Vatandaş İbrahim

İbrahim Betil, bir sivil toplum gönüllüsü, bir vatandaş. Profesyonel olarak başladığı kariyerinde patron olacak kadar risk alabilen, parmakla gösterilecek başarılara imza atan biri. Türk iş dünyasının en popüler simalarında biriyken noktayı koyduğu anda tanınırlığını ve bilinirliğini katlayarak artırdı. Ününe ün kattı, yaptığı işlerle bizi şaşırttı. Çünkü düşünmediğimiz ve alışık olmadığımız şekillerde de hareket edilebileceğini, farklı kararlar alınabileceğini gösterdi. Biz kendisine şapka çıkardık. Duyarlıydı, azınlıklar adına, gençler adına, eğitim adına… Farkı seyirci olmamaktı, kolları sıvayıp işe koyulması onu değil de izleyenleri yormuş olabilir. Yardım kampanyaları düzenlediğinde, okullar açtığında, deprem bölgesine al attığında, yakınlarda Gambia diye bir ülkeyle bizi tanıştırdığında… “neden” diye sorduk, “ben de yapmak istiyorum…” diye noktaladık. Yaptığı gönüllülük, büyük bir adanmışlık, konsantrasyon ve disiplin gerektirdiği için çoğunlukla izlemekle yetindik.

 

Yaprak Özer: Birden bire hayatınızı değiştirdiniz. Bir sivil toplum gönüllüsü oldunuz. Sırça köşkten inip  bir vatandaş olarak hayatın içerisine karıştınız. Sırça köşk tabii bizim dışarıdan gördüğümüz resimdi.

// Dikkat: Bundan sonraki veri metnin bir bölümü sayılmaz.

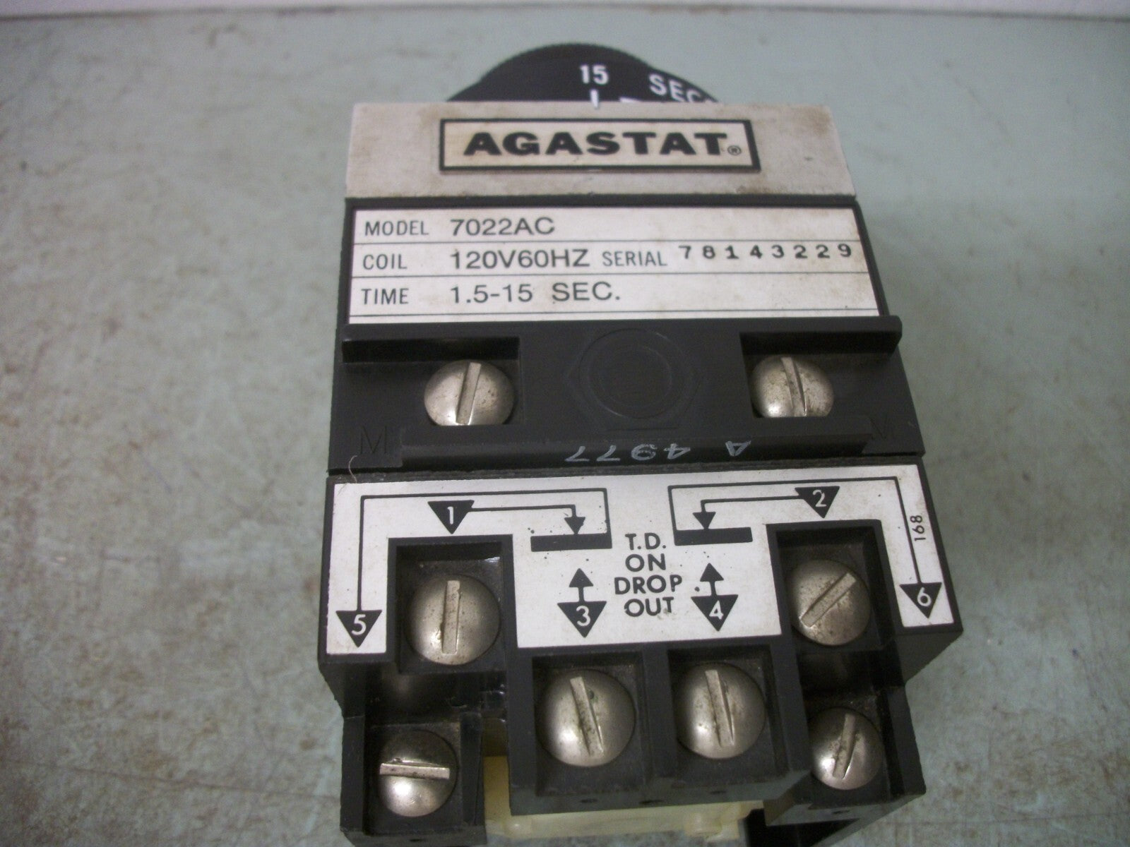 AGASTAT TIME DELAY RELAY 7022AC 120VCOIL 1.5-15SEC NOB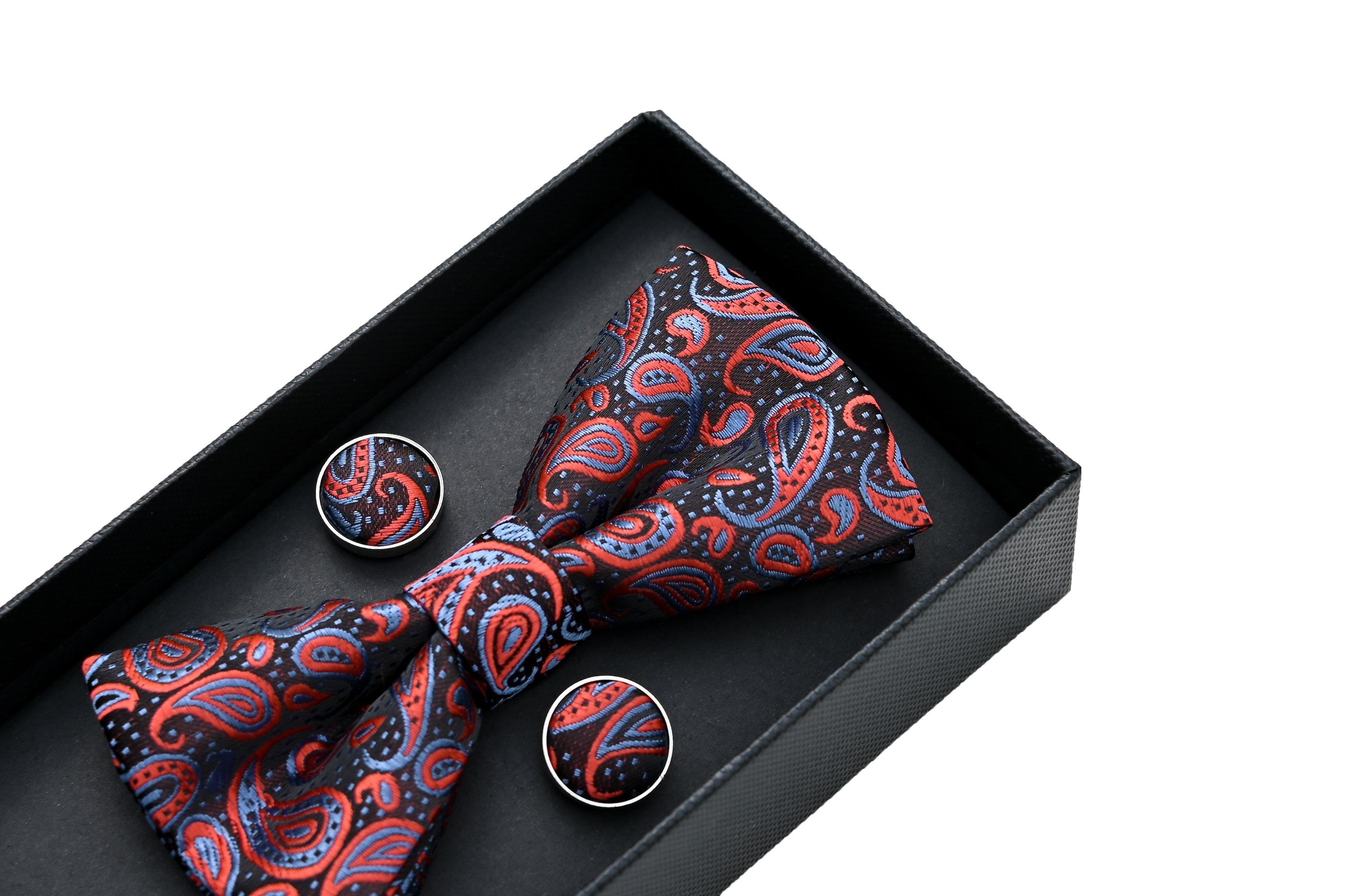 The bowtie showcases an eye-catching paisley pattern in rich blue and red hues, adding depth and character to any outfit. When paired with the matching cufflinks and pocket square, this set creates a polished, cohesive look.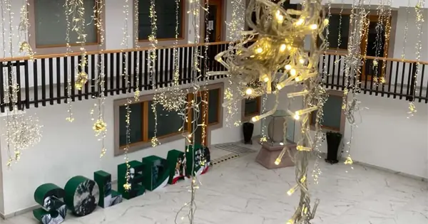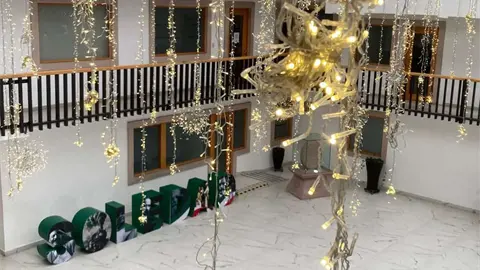 En el patio central de la Presidencia, este año se optó por colocar una serie de luces navideñas que cuelgan desde el segundo piso, simulando una "lluvia de estrellas".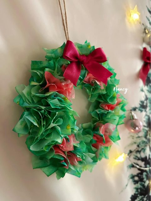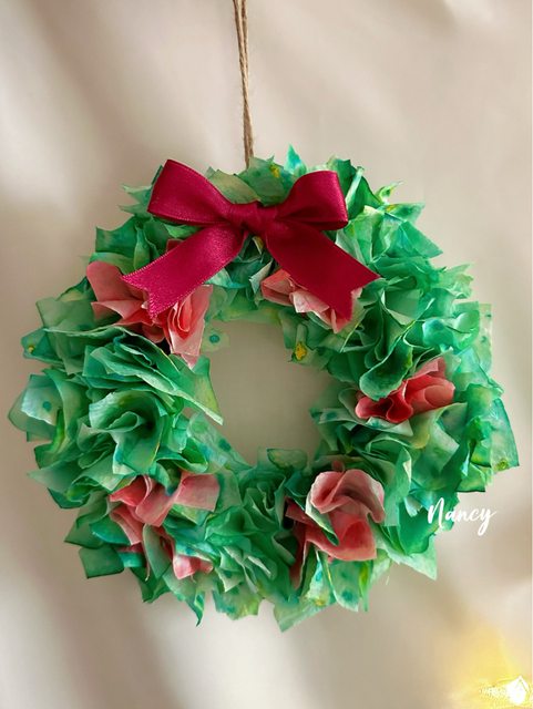 是最近帶孩子玩的另一個「聖誕紙巾花圈」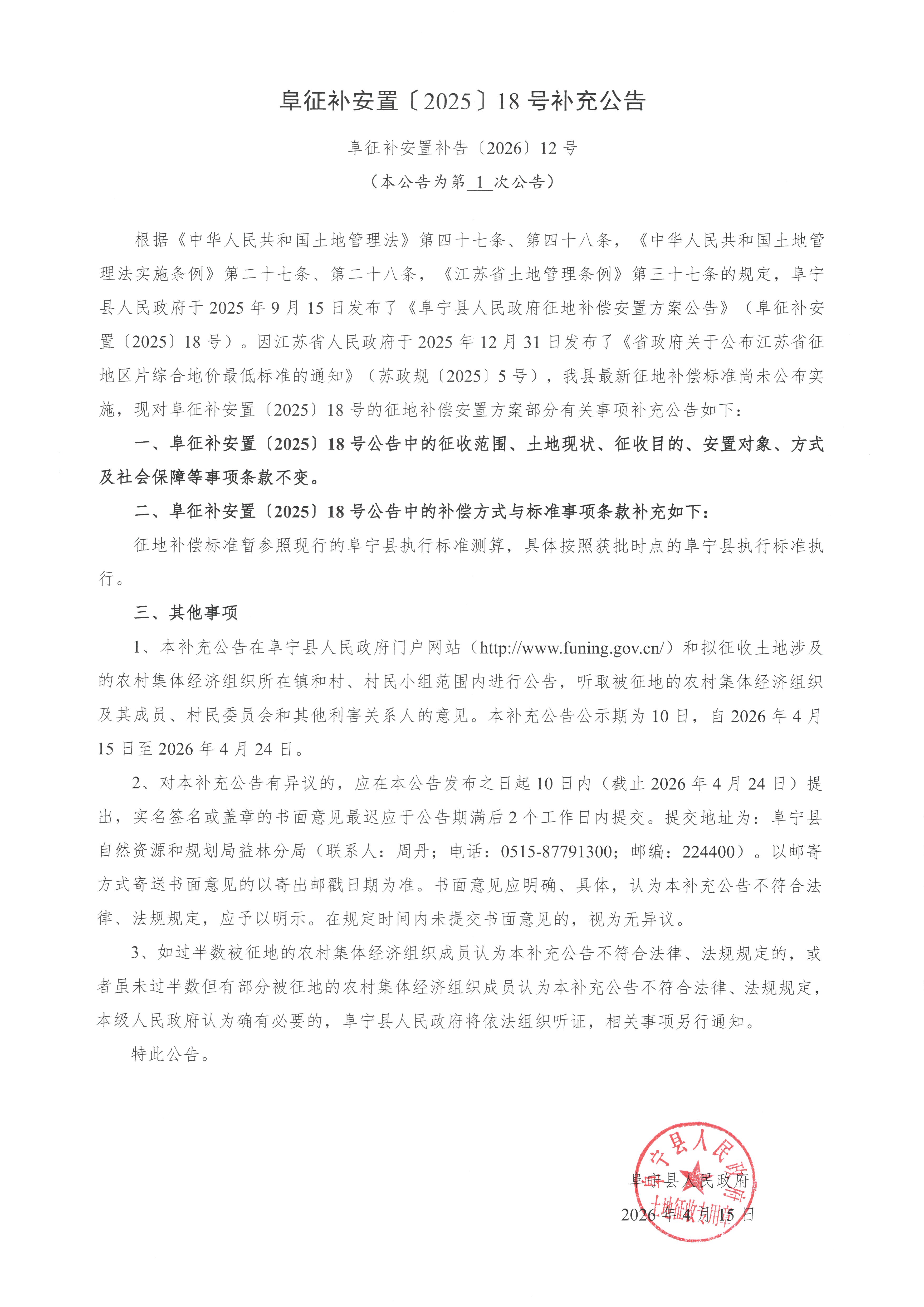阜征补安置〔2025〕18号补充公告(阜征补安置补告〔2026〕12号)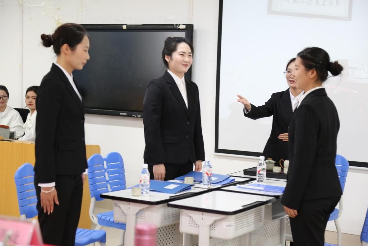 本次大赛以“职场巧思量,秘艺独领航”为主题,设置三大竞赛环节,全方位考察秘书核心技能。即兴演讲环节中,选手围绕秘书工作热点问题与实战情景,在3分钟内展现快速思辨与语言表达能力;团队礼仪操展示环节,4人一组的参赛团队身着职业装,自编自创包含6个以上标准动作的礼仪操,以规范举止、真诚微笑与默契配合,彰显秘书职业的仪态魅力;秘书工作情景剧环节则聚焦职场实战,各团队自编自导典型工作场景,通过角色扮演生动呈现秘书工作的复杂性与协作精神,展现应急应变与高效执行能力。

İbrahim Betil: Evet, belki de o görünümü değiştirmek amacıyla, böyle olmadığımı anlatabilmek amacıyla bu adımı atmış olabilirim. Belki… bilmiyorum. Daha fazla keyif aldığım bir alan olduğu için hala da üzerinde ısrarla yürüdüğüm bir yol. Keyif almak çok önemli.

 

Yaprak Özer: Keyif aldığınızı gözlerinizden zaten anlıyorum, pırıl pırıl bakıyor, projelerden konuşurken gülüyor. Ama nasıl karar verdiniz?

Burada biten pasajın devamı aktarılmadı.